Aquela tarde foi a melhor que já vivi
em todos aqueles meses infernais. Bill era como um porto seguro. Um anjo
especial que quando estava perto dele sentia-me capaz de viver e de voltar a
ser feliz.


- Foi muito bom encontrar-te. – Disse
Bill mostrando o seu sorriso mais doce.


- Muito bom mesmo… - Sussurrei
fitando aqueles olhos penetrantes.


-O lanche está pronto! – Disse Kelly
entrando na sala.


Fiquei surpreendida com o tempo que
passei a conversar com Bill. Foi a conversa mais longa que tive em meses. E no
fundo, queria continuar a falar com ele, tocar no seu rosto e beijar suavemente
aqueles lábios carnudos.


- Eu não estou com fome. – Disse fugindo
do olhar de Bill que provavelmente me censuravam pela minha falta de apetite.


- Hmm… Sabes qual é o problema? –
Falou Tom. – É que comigo ninguém perde o apetite! – E dito isto pegou em mim
ao colo levando-me para a cozinha. – Eu fiz um batido de morango muito bom!


E pela primeira vez em meses eu
sorri. Sorri com uma enorme vontade.


- Eu sou o melhor na cozinha. Não é
Bill?


Olhei para Bill que se sentava ao meu
lado e sorriu divertidamente para mim.


- Não, isso não é verdade! Espera até
a Nicky provar dos meus cozinhados…


- Óptimo, podemos fazer competição! –
Respondeu Tom.


Ri-me. Era realmente bom estar com
eles.


- Ele é sempre assim? – Perguntei a
Bill.


- Sempre. Com ele ninguém se sente
triste. – Respondeu.


- Não ligues Nicky. Tom sempre foi
convencido! – Falou Kelly.


- E não tenho razões de o ser? – Tom sujou
o nariz de Kelly com chocolate derretido e Kelly fez o mesmo com ele. O que me
deu a sensação de que eles eram mais do que bons amigos.

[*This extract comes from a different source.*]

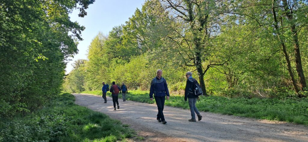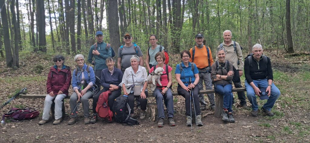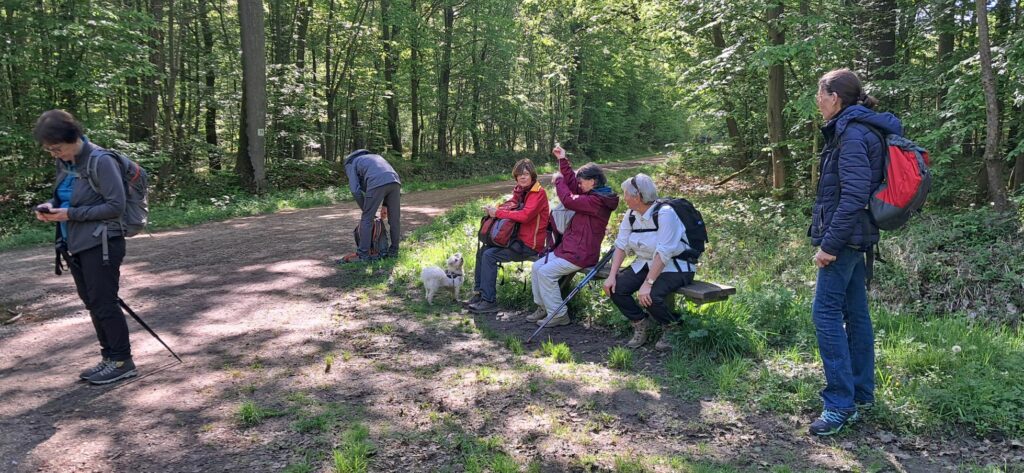 Peu après nous entrons dans la forêt de la Madeleine par le chemin de Jean Racine. Au carrefour du Roi de Rome nous prenons la photo de groupe.

Cheguei-me para mais perto de Bill e
disse:


- Impressão minha ou aqueles dois são
mais que amigos?


- Sabes que eu penso o mesmo? Tom
olha para ela de uma maneira muito especial.


Sorri para Bill como quem tem a
resposta óbvia e disse:


- O olhar que Tom mantém sobre ela é
de um homem apaixonado.


- Tom não vai admitir o que sente até
perder Kelly. É casmurro demais.


- Mas nós podemos mudar isso. De
certeza que Tom não é indiferente para Kelly.


Bill sorriu para e perguntou:


- Vamos servir de cupidos?


- Vamos. E no fim ainda nos vão
agradecer!


Bill continuou a encarar-me enquanto
comia uma fatia de bolo, então saiu da boca dele uma pergunta inesperada:


- Os cupidos também se podem
apaixonar?


Eu não sabia o porquê daquela
pergunta, ou então tentava fingir que não fazia ideia. Daí a minha resposta:


- Hmm, todos se podem apaixonar.
Inclusive os cupidos que são dos maiores símbolos do amor.


Ele sorriu de novo, o meu sorriso
preferido. O meu coração acelerou quando Bill ergueu o braço e passou uma das
suas mãos no meu cabelo colocando uma madeixa atrás da minha orelha.


Ele não respondeu, apenas ficou
observando-me a comer, e eu com muita vergonha tentava não olhar para ele.


- Pára! – Falava Kelly rindo-se das brincadeiras
de Tom.


Era bom ver alguém apaixonado, e a
minha prima ficava com aquele brilho que era impossível não desejar estar
apaixonado.


- Amar deve ser bom… - Falei sem
pensar.


Bill voltou a dará sua atenção para
mim e eu encarei-o sem vergonha.


- Já amas-te alguém? – Perguntei.


- Sim. E é tão bom estar apaixonado.
Parece que não vês mais nada além da pessoa que amas.


Fiquei tão atenta nas palavras dele
que não me dei conta que estava muito próxima dele.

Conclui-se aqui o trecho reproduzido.